WHAT THIS TASK INVOLVES: Print everything in the records exactly. Leave the pictures out.

EXERCISE INPUT:
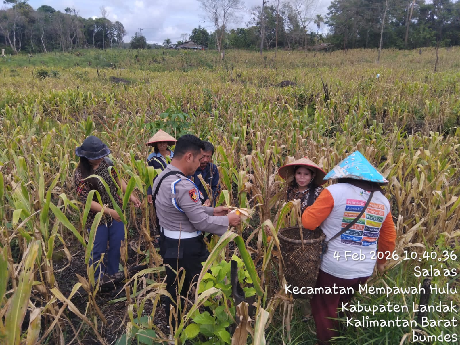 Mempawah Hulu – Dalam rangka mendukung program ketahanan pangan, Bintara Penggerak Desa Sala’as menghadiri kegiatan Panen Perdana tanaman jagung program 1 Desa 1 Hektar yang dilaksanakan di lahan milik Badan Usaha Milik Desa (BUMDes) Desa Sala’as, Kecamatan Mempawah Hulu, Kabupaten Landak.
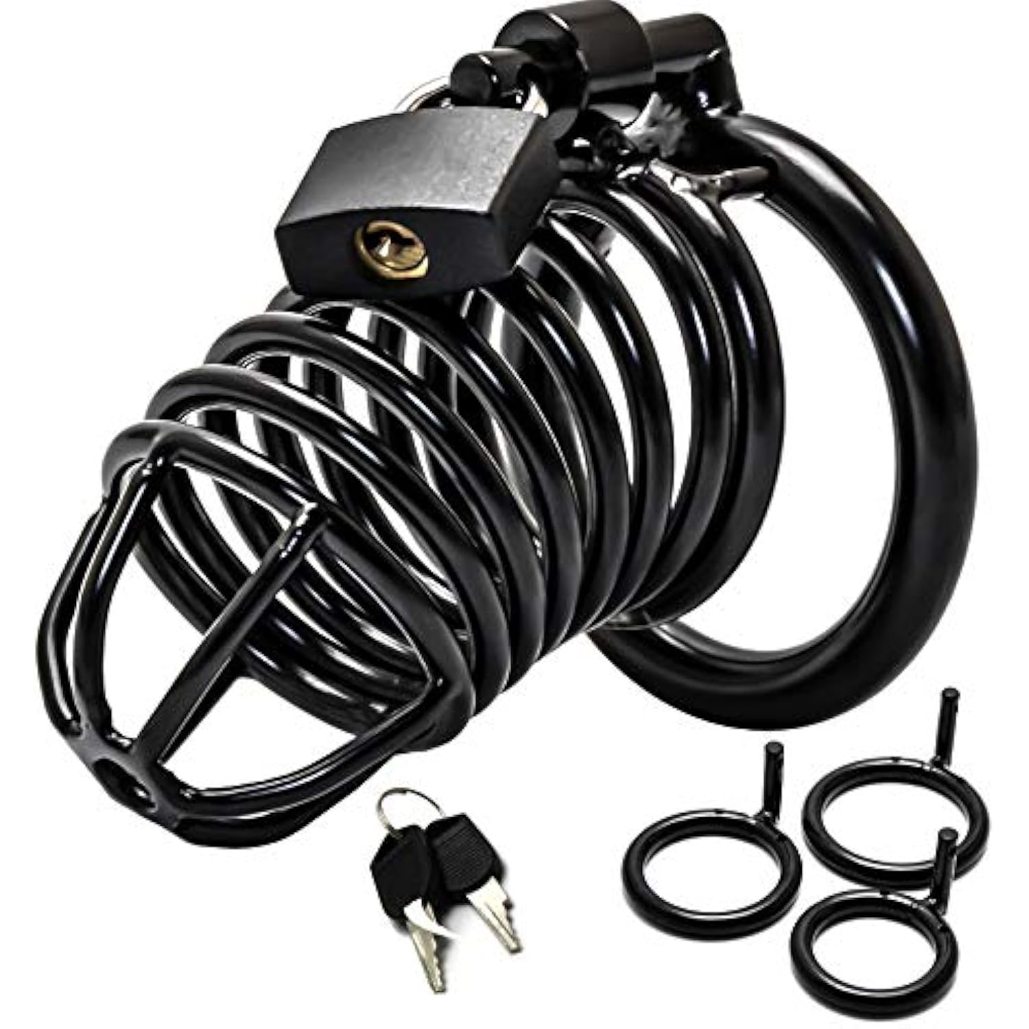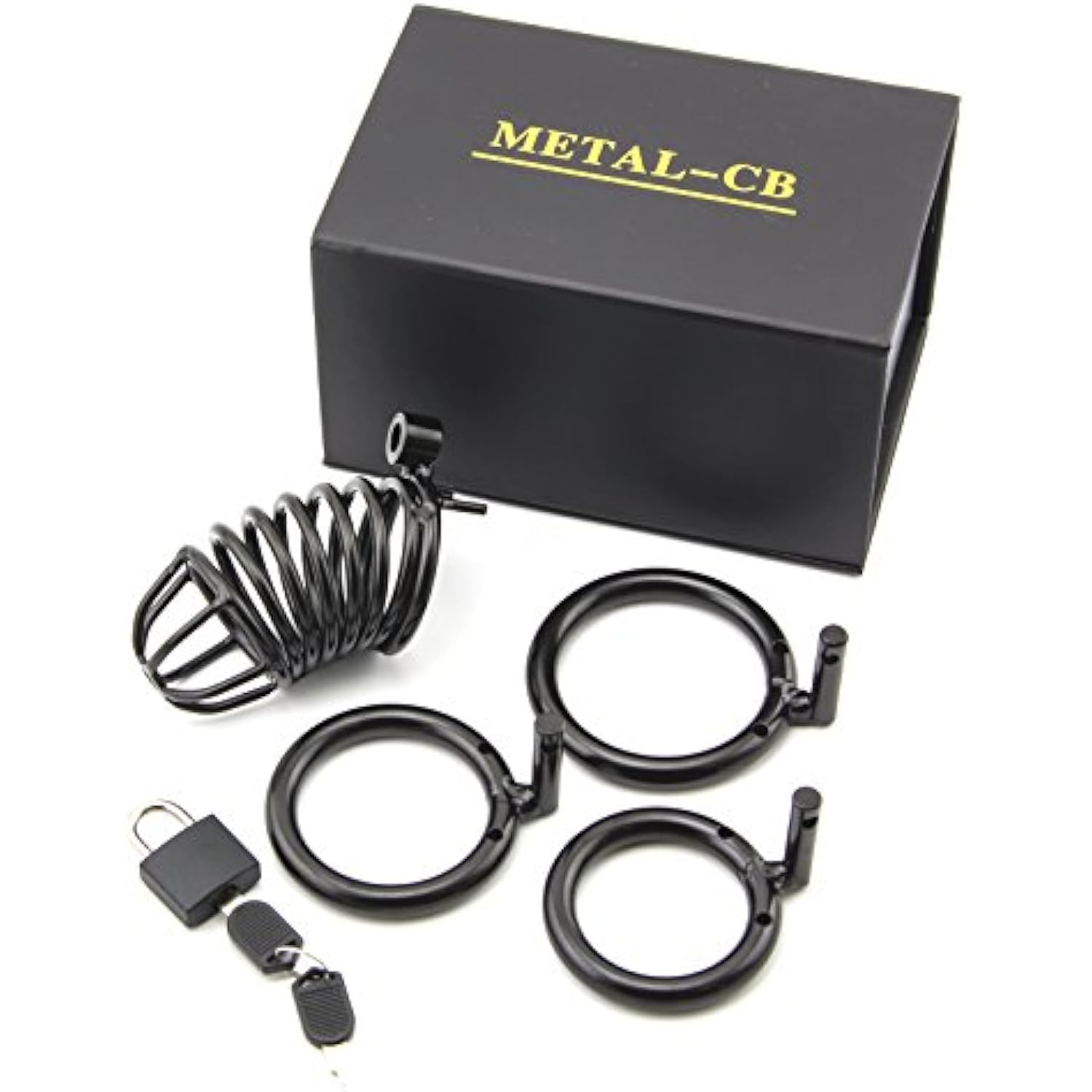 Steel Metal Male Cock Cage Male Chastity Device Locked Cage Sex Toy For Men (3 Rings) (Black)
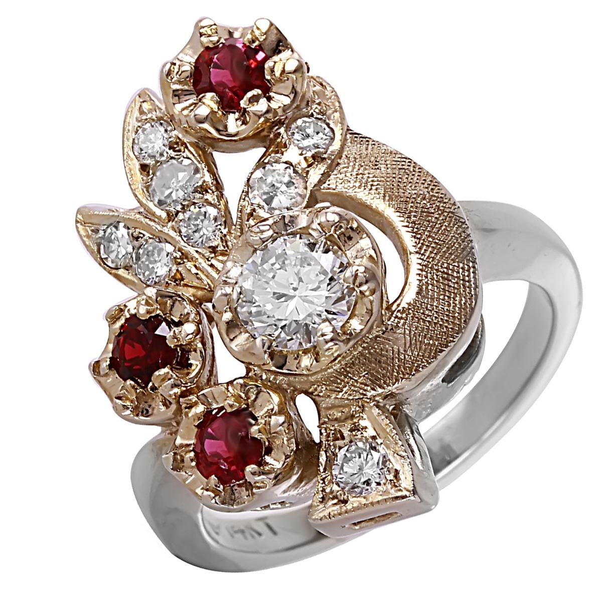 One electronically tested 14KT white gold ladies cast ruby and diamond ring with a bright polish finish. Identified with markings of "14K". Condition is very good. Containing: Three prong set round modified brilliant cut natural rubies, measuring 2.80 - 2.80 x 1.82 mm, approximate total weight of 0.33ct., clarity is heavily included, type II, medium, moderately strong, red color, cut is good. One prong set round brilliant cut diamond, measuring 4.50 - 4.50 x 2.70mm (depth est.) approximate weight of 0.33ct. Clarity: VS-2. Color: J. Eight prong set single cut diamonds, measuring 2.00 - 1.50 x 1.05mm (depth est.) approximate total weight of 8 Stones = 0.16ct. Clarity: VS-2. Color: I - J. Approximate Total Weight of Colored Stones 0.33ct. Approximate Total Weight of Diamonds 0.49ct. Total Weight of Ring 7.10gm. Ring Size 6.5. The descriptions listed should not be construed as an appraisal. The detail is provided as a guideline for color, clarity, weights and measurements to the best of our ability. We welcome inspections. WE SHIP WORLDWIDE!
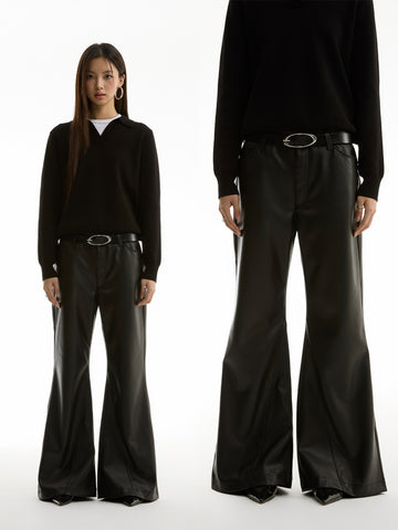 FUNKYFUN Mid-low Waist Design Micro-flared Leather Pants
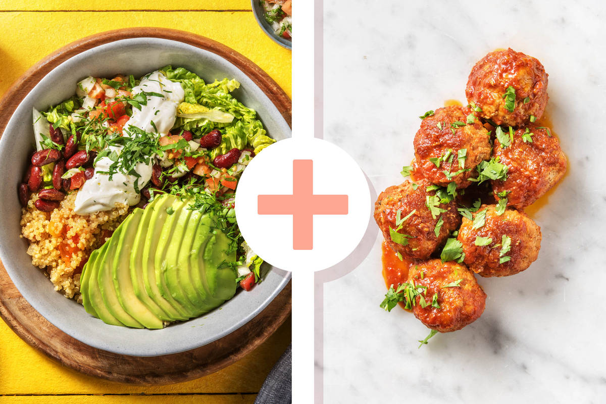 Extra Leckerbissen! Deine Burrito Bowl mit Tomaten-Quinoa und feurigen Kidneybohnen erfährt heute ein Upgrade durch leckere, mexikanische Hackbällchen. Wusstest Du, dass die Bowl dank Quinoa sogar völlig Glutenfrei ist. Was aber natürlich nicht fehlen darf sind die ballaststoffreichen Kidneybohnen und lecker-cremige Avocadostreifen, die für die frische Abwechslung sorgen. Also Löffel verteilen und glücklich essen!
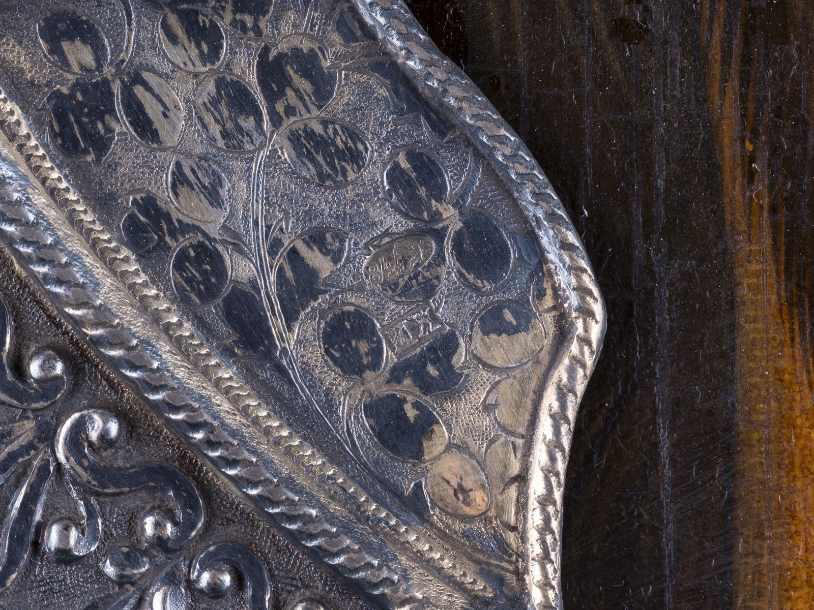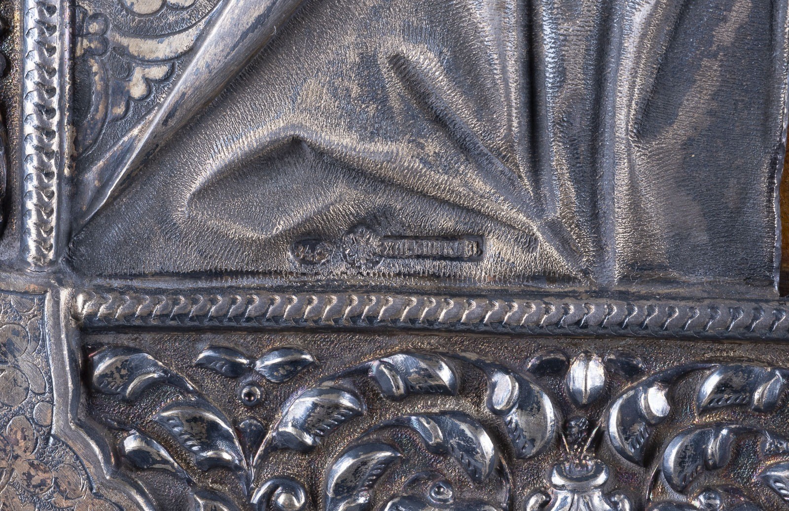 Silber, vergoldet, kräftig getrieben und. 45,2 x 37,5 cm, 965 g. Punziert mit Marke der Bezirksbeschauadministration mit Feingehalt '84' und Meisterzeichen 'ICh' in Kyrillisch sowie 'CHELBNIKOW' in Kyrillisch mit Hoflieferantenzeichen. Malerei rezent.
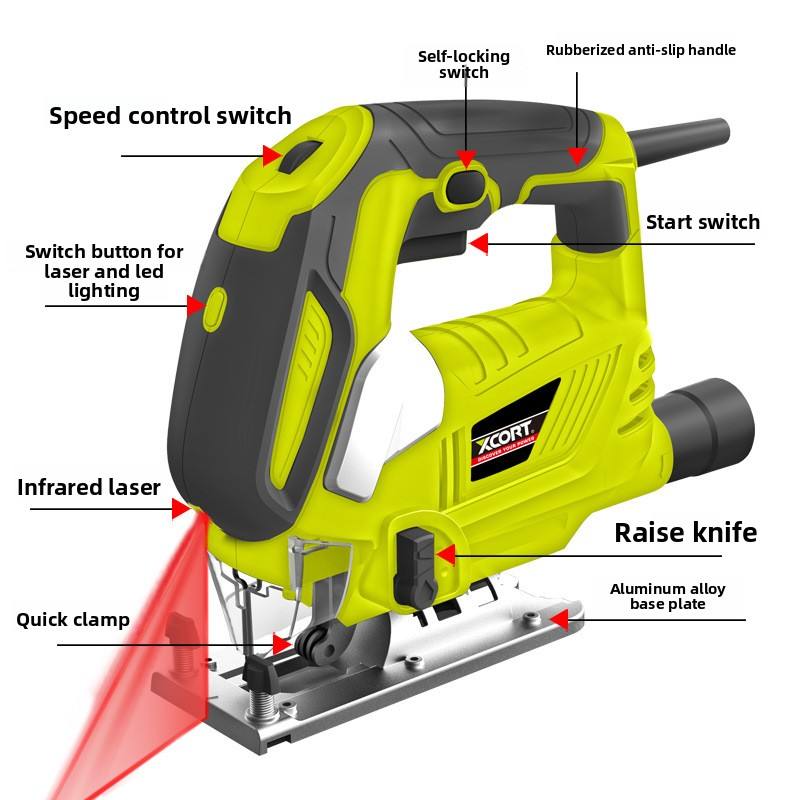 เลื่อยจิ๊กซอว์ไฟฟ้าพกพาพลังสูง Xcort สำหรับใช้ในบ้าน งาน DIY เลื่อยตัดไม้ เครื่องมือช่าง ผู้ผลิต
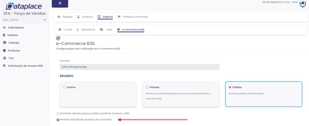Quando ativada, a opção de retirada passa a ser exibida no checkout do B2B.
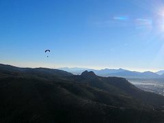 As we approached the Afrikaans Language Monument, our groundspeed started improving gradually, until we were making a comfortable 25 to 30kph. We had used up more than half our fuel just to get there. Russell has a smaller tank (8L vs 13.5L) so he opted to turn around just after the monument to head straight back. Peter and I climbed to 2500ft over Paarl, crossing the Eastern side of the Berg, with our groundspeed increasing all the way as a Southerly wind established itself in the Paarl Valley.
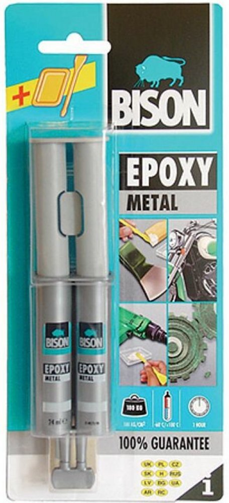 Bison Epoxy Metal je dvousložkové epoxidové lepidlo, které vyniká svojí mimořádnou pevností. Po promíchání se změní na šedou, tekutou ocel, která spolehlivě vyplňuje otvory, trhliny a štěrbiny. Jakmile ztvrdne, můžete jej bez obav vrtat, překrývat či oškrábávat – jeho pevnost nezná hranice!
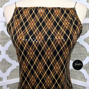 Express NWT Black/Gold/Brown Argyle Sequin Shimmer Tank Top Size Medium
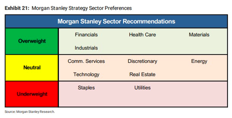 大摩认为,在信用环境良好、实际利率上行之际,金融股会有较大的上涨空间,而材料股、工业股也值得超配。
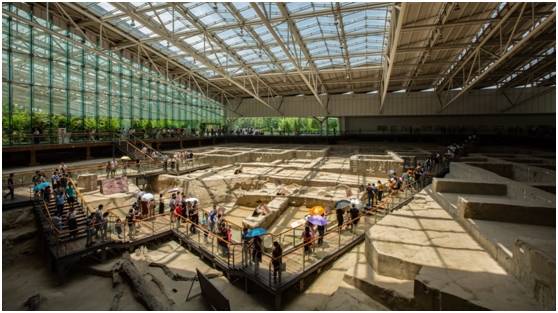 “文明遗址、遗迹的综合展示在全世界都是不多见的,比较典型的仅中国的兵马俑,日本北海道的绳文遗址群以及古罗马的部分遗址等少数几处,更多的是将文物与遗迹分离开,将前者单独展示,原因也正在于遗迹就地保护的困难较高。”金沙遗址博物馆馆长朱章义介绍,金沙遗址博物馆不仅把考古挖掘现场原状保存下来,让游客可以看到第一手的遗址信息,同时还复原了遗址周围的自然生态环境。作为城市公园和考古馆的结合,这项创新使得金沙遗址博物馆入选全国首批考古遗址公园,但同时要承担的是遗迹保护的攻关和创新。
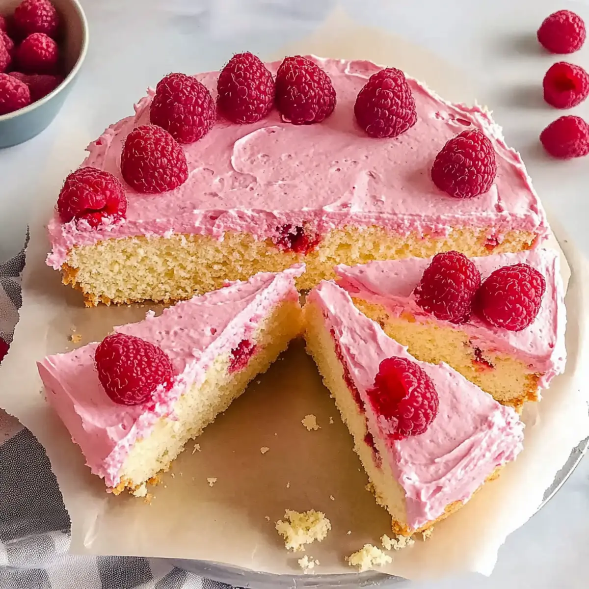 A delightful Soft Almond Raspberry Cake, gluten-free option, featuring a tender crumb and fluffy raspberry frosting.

EXPECTED ANSWER:
 Mempawah Hulu – Dalam rangka mendukung program ketahanan pangan, Bintara Penggerak Desa Sala’as menghadiri kegiatan Panen Perdana tanaman jagung program 1 Desa 1 Hektar yang dilaksanakan di lahan milik Badan Usaha Milik Desa (BUMDes) Desa Sala’as, Kecamatan Mempawah Hulu, Kabupaten Landak.
 Steel Metal Male Cock Cage Male Chastity Device Locked Cage Sex Toy For Men (3 Rings) (Black)
 One electronically tested 14KT white gold ladies cast ruby and diamond ring with a bright polish finish. Identified with markings of "14K". Condition is very good. Containing: Three prong set round modified brilliant cut natural rubies, measuring 2.80 - 2.80 x 1.82 mm, approximate total weight of 0.33ct., clarity is heavily included, type II, medium, moderately strong, red color, cut is good. One prong set round brilliant cut diamond, measuring 4.50 - 4.50 x 2.70mm (depth est.) approximate weight of 0.33ct. Clarity: VS-2. Color: J. Eight prong set single cut diamonds, measuring 2.00 - 1.50 x 1.05mm (depth est.) approximate total weight of 8 Stones = 0.16ct. Clarity: VS-2. Color: I - J. Approximate Total Weight of Colored Stones 0.33ct. Approximate Total Weight of Diamonds 0.49ct. Total Weight of Ring 7.10gm. Ring Size 6.5. The descriptions listed should not be construed as an appraisal. The detail is provided as a guideline for color, clarity, weights and measurements to the best of our ability. We welcome inspections. WE SHIP WORLDWIDE!
 FUNKYFUN Mid-low Waist Design Micro-flared Leather Pants
 Extra Leckerbissen! Deine Burrito Bowl mit Tomaten-Quinoa und feurigen Kidneybohnen erfährt heute ein Upgrade durch leckere, mexikanische Hackbällchen. Wusstest Du, dass die Bowl dank Quinoa sogar völlig Glutenfrei ist. Was aber natürlich nicht fehlen darf sind die ballaststoffreichen Kidneybohnen und lecker-cremige Avocadostreifen, die für die frische Abwechslung sorgen. Also Löffel verteilen und glücklich essen!
 Silber, vergoldet, kräftig getrieben und. 45,2 x 37,5 cm, 965 g. Punziert mit Marke der Bezirksbeschauadministration mit Feingehalt '84' und Meisterzeichen 'ICh' in Kyrillisch sowie 'CHELBNIKOW' in Kyrillisch mit Hoflieferantenzeichen. Malerei rezent.
 เลื่อยจิ๊กซอว์ไฟฟ้าพกพาพลังสูง Xcort สำหรับใช้ในบ้าน งาน DIY เลื่อยตัดไม้ เครื่องมือช่าง ผู้ผลิต
Quando ativada, a opção de retirada passa a ser exibida no checkout do B2B.
 As we approached the Afrikaans Language Monument, our groundspeed started improving gradually, until we were making a comfortable 25 to 30kph. We had used up more than half our fuel just to get there. Russell has a smaller tank (8L vs 13.5L) so he opted to turn around just after the monument to head straight back. Peter and I climbed to 2500ft over Paarl, crossing the Eastern side of the Berg, with our groundspeed increasing all the way as a Southerly wind established itself in the Paarl Valley.
 Bison Epoxy Metal je dvousložkové epoxidové lepidlo, které vyniká svojí mimořádnou pevností. Po promíchání se změní na šedou, tekutou ocel, která spolehlivě vyplňuje otvory, trhliny a štěrbiny. Jakmile ztvrdne, můžete jej bez obav vrtat, překrývat či oškrábávat – jeho pevnost nezná hranice!
 Express NWT Black/Gold/Brown Argyle Sequin Shimmer Tank Top Size Medium
 大摩认为,在信用环境良好、实际利率上行之际,金融股会有较大的上涨空间,而材料股、工业股也值得超配。
 “文明遗址、遗迹的综合展示在全世界都是不多见的,比较典型的仅中国的兵马俑,日本北海道的绳文遗址群以及古罗马的部分遗址等少数几处,更多的是将文物与遗迹分离开,将前者单独展示,原因也正在于遗迹就地保护的困难较高。”金沙遗址博物馆馆长朱章义介绍,金沙遗址博物馆不仅把考古挖掘现场原状保存下来,让游客可以看到第一手的遗址信息,同时还复原了遗址周围的自然生态环境。作为城市公园和考古馆的结合,这项创新使得金沙遗址博物馆入选全国首批考古遗址公园,但同时要承担的是遗迹保护的攻关和创新。
 A delightful Soft Almond Raspberry Cake, gluten-free option, featuring a tender crumb and fluffy raspberry frosting.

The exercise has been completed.